Et maintenant, qu'est-ce que je fais, moi ? Connaîtriez vous une société secrète, une association de malfaiteurs, un extra-terreste ou un noble vestige du passé qui accepte d'enseigner le futur antérieur à ma fille ?

Cordialement

Kiri
Bonjour, Kiri.

Merci de ce courrier qui me force à redescendre des généralités vers l’exemple précis de l’enseignement du français. L’état des lieux que vous dressez me paraît exact.

— Oui, si votre fille achève aujourd’hui sa 6e, et si elle n’eut pour professeurs d’école que des fonctionnaires qui obéissaient exclusivement (comme ils le devaient) aux programmes de 2002, on ne lui a pas appris grand-chose en français… Les syndicats du primaire qui se sont plaints qu’on n’ait pas «évalué» les programmes de 2002 prennent les enseignants de collège pour des imbéciles : les professeurs de 6e voient dès à présent le résultat de ce que l’école primaire a enseigné depuis 6 ans.

— Oui, les établissements privés sous contrat enseignent exactement les mêmes contenus que l’enseignement public : cela fait partie du contrat!

— Oui, les officines de soutien enseignent la même chose aussi. En cela, elles ne font d’ailleurs que leur métier…

L’ennui, pour les parents qui veulent aider leurs enfants eux-mêmes, c’est que l’édition para-scolaire aussi se conforme aux programmes. Par exemple, vous pourriez fouiner des heures dans une librairie scolaire sans trouver un livre qui évoque la morphologie et le sens des temps composés de l’indicatif. J’ai épluché pour vous un excellent ouvrage où vous trouveriez beaucoup de choses utiles pour instruire vous-même votre enfant : les trois «Bescherelle», "La Grammaire pour tous", "La Conjugaison pour tous", "L’orthographe pour tous" (les trois sous même boite, Hatier).
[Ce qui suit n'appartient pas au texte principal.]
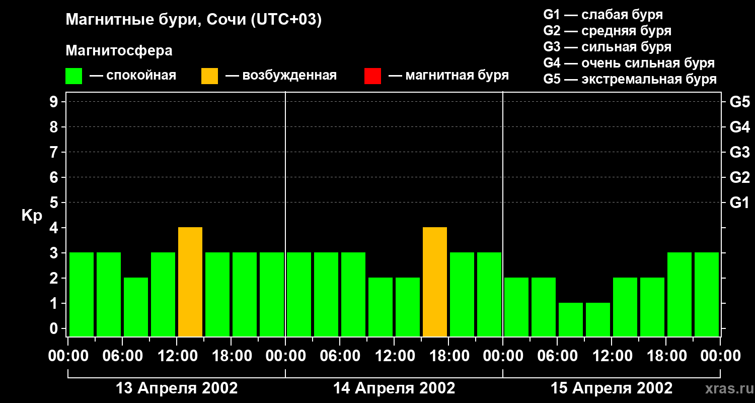 Изменения геомагнитного индекса Kp с 13 по 15 апреля 2002 года для средних широт

Dans cette Grammaire, il n’est pas question des temps composés de l’indicatif !… On y trouve même une grosse sottise : «119. Temps des verbes : définition. Les marques du temps situent les événements dont on parle par rapport au moment où l’on parle. » (point final!) Comment des auteurs ont-ils été conduits à écrire cette ânerie ? C’est qu’ils n’ont pensé qu’aux temps simples (comme l’école); en revanche, ils consacrent plusieurs paragraphes aux valeurs aspectuelles des temps. Autrement dit, pour l’instant, on n’apprend pas aux enfants l’essentiel (la valeur temporelle de tous les temps verbaux) et on leur apprend l’accessoire (la valeur aspectuelle des temps verbaux) : on met la charrue avant les bœufs.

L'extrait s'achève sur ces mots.